ASSIGNMENT:
Omit every picture, and retype the lines that run from the beginning of the data below through the line containing "If you want", inclusive.

STUDY MATERIAL:
○ ○ ○
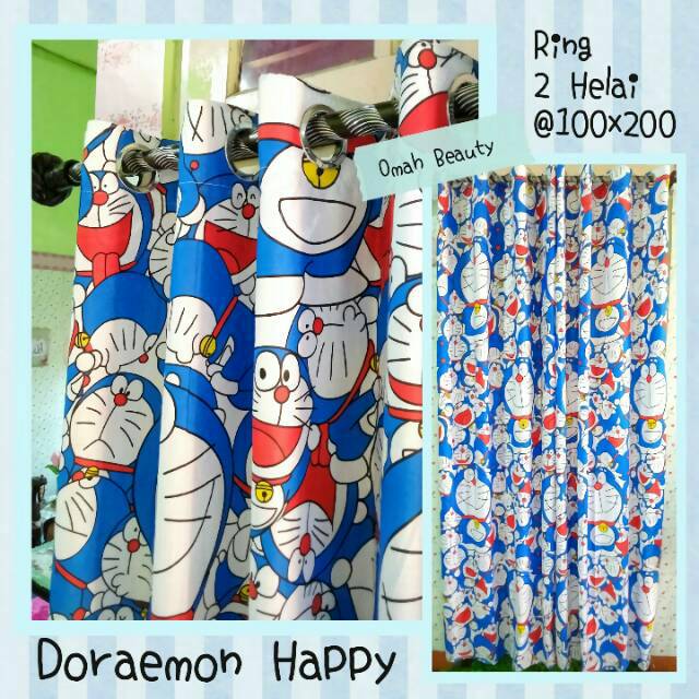Gorden Tirai Doraemon Happy Biru Lebar 100cm Ring Smokering Kartun | Download Gambar
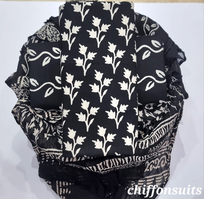 DESIGNER HAND BLOCK PRINT PURE COTTON SUIT WITH CHIFFON DUPATTA (PCHFYS145)
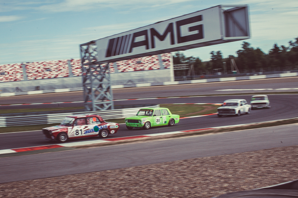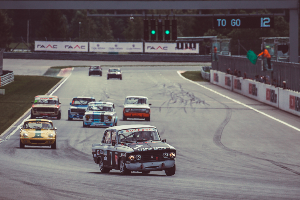 Столь жесткий подход к безопасности, пусть речь идет о заездах ретромобилей, более, чем оправдан: с гонками с общим стартом не шутят. А именно эта часть соревнований (заезды «Спорт») стала особенно зрелищной. Здесь было предусмотрено несколько зачетов, разбитых на первом этапе на пять основных групп: «Волга», «Жигули-1300», «Жигули-1600», «Москвич-1600» и «Москвич-2000». Свободные классы «Москвич+» и «Жигули+» остались малочисленными, и ни один из заявленных автомобилей не добрался до финиша. Кстати сказать, состязание вышло вполне международным: в нем, кроме гонщиков из России, приняли участие представители 4-х некогда советских республик – Белоруссии, Литвы, Латвии и Грузии. Им предстояло преодолеть 15 кругов по конфигурации Sprint, то есть в общей сложности чуть больше 30 км.
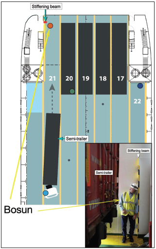 The tractor unit driver lost sight of the banksman as he was backing up, but, following a routine but unsafe workaround practice common at the port, continued the manoeuvre even after doing so. The driver assumed the bosun had moved to a safe position behind an adjacent trailer. However, the semi-trailer was at a slight angle, causing its rear to encroach upon the painted walkway where the bosun was standing. The bosun was trapped and crushed against a steel stiffening beam protruding from the vessel’s superstructure.
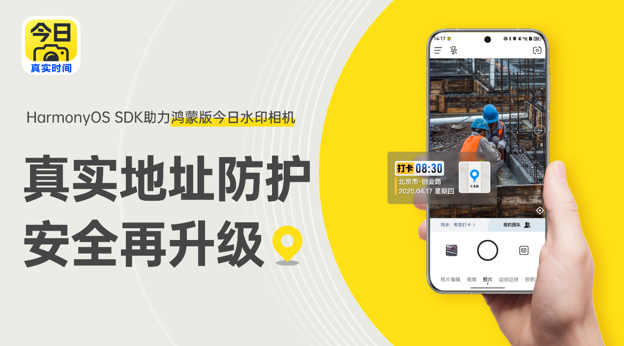 传统的地理位置获取依赖应用层加密校验,但在系统被越狱攻破的场景下,GPS定位数据仍存在被二次篡改的风险。鸿蒙版今日水印相机基于HarmonyOS安全地理位置方案,从地理位置信息的生成、获取与校验入手,实现了应用获取地理位置的不可篡改和加密存储,保障工作场景(如工程验收、执法取证等)中拍摄位置的权威性。
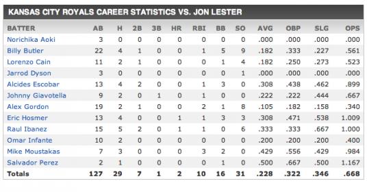If you want to play the BEANE game, then Royals is .5 better, which is HUGE vs career hitting.
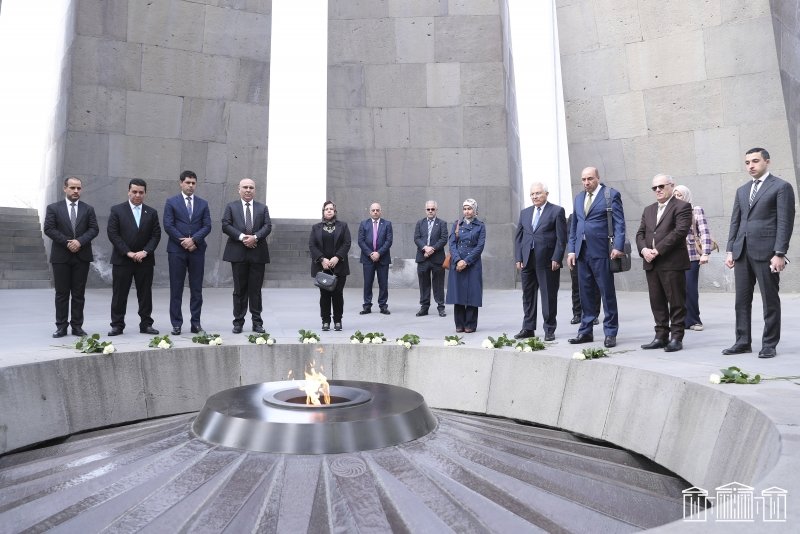 Հյուրերը ծաղիկներ են խոնարհել Հայոց ցեղասպանության հիշատակը հավերժացնող անմար կրակի մոտ, լռությամբ հարգել Սուրբ նահատակների հիշատակը:
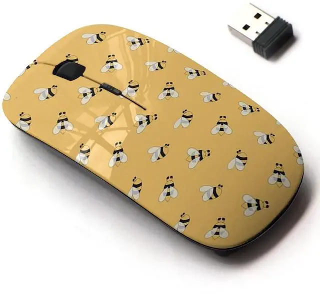 2.4G Wireless Mouse with Cute Pattern Design for All Laptops and Desktops with Nano Receiver - Bees Yellow Insects
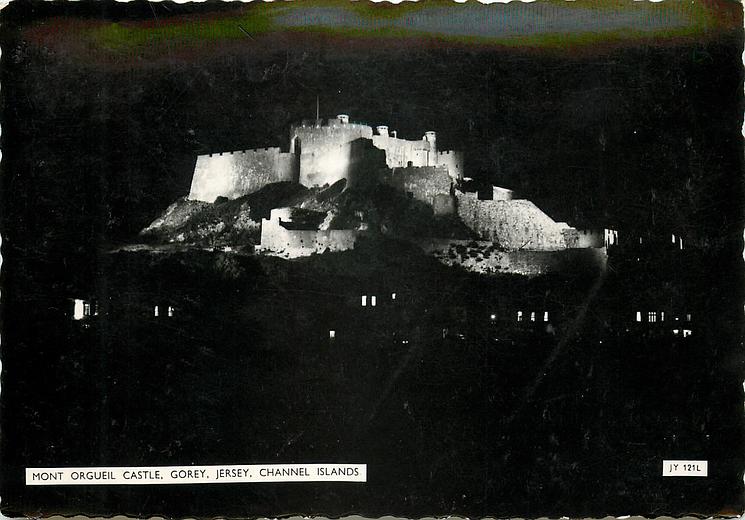 Comes as JY121 normal size card with title MONT ORGUEIL CASTLE (FLOODLIT), GOREY
○ ○ ○
RESULT FOR THIS TASK:
Gorden Tirai Doraemon Happy Biru Lebar 100cm Ring Smokering Kartun | Download Gambar
 DESIGNER HAND BLOCK PRINT PURE COTTON SUIT WITH CHIFFON DUPATTA (PCHFYS145)
 Столь жесткий подход к безопасности, пусть речь идет о заездах ретромобилей, более, чем оправдан: с гонками с общим стартом не шутят. А именно эта часть соревнований (заезды «Спорт») стала особенно зрелищной. Здесь было предусмотрено несколько зачетов, разбитых на первом этапе на пять основных групп: «Волга», «Жигули-1300», «Жигули-1600», «Москвич-1600» и «Москвич-2000». Свободные классы «Москвич+» и «Жигули+» остались малочисленными, и ни один из заявленных автомобилей не добрался до финиша. Кстати сказать, состязание вышло вполне международным: в нем, кроме гонщиков из России, приняли участие представители 4-х некогда советских республик – Белоруссии, Литвы, Латвии и Грузии. Им предстояло преодолеть 15 кругов по конфигурации Sprint, то есть в общей сложности чуть больше 30 км.
 The tractor unit driver lost sight of the banksman as he was backing up, but, following a routine but unsafe workaround practice common at the port, continued the manoeuvre even after doing so. The driver assumed the bosun had moved to a safe position behind an adjacent trailer. However, the semi-trailer was at a slight angle, causing its rear to encroach upon the painted walkway where the bosun was standing. The bosun was trapped and crushed against a steel stiffening beam protruding from the vessel’s superstructure.
 传统的地理位置获取依赖应用层加密校验,但在系统被越狱攻破的场景下,GPS定位数据仍存在被二次篡改的风险。鸿蒙版今日水印相机基于HarmonyOS安全地理位置方案,从地理位置信息的生成、获取与校验入手,实现了应用获取地理位置的不可篡改和加密存储,保障工作场景(如工程验收、执法取证等)中拍摄位置的权威性。
If you want to play the BEANE game, then Royals is .5 better, which is HUGE vs career hitting.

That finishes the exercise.